▶ [Exercise]
Retype the material that follows exactly, limited to the lines from the one with "CIELab 83.68,-64.489,32.192 Color" through the one with "Vestiges in situ", and keep out all pictures.

..........

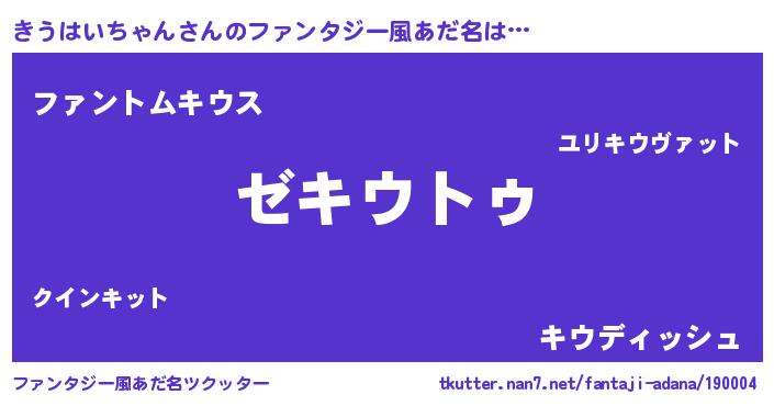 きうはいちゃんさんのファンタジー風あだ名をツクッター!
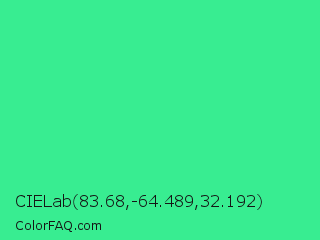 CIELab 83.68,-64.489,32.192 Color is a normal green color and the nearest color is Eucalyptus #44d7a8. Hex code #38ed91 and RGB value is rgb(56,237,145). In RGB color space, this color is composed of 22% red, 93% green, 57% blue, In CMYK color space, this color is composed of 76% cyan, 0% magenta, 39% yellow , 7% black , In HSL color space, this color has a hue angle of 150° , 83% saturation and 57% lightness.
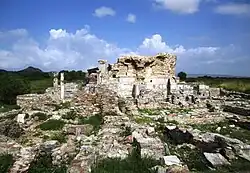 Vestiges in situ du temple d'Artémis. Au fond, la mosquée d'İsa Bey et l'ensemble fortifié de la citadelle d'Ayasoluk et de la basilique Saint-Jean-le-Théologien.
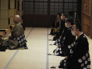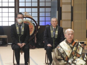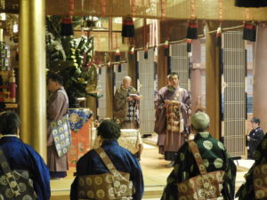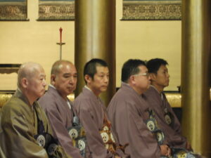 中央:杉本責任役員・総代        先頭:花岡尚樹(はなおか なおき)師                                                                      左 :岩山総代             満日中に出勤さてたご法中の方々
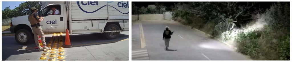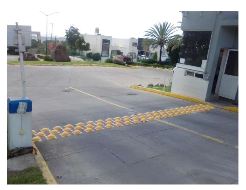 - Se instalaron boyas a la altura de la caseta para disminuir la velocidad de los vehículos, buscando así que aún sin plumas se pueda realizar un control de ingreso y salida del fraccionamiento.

..........

▶ [Response for this exercise]
 CIELab 83.68,-64.489,32.192 Color is a normal green color and the nearest color is Eucalyptus #44d7a8. Hex code #38ed91 and RGB value is rgb(56,237,145). In RGB color space, this color is composed of 22% red, 93% green, 57% blue, In CMYK color space, this color is composed of 76% cyan, 0% magenta, 39% yellow , 7% black , In HSL color space, this color has a hue angle of 150° , 83% saturation and 57% lightness.
 Vestiges in situ du temple d'Artémis. Au fond, la mosquée d'İsa Bey et l'ensemble fortifié de la citadelle d'Ayasoluk et de la basilique Saint-Jean-le-Théologien.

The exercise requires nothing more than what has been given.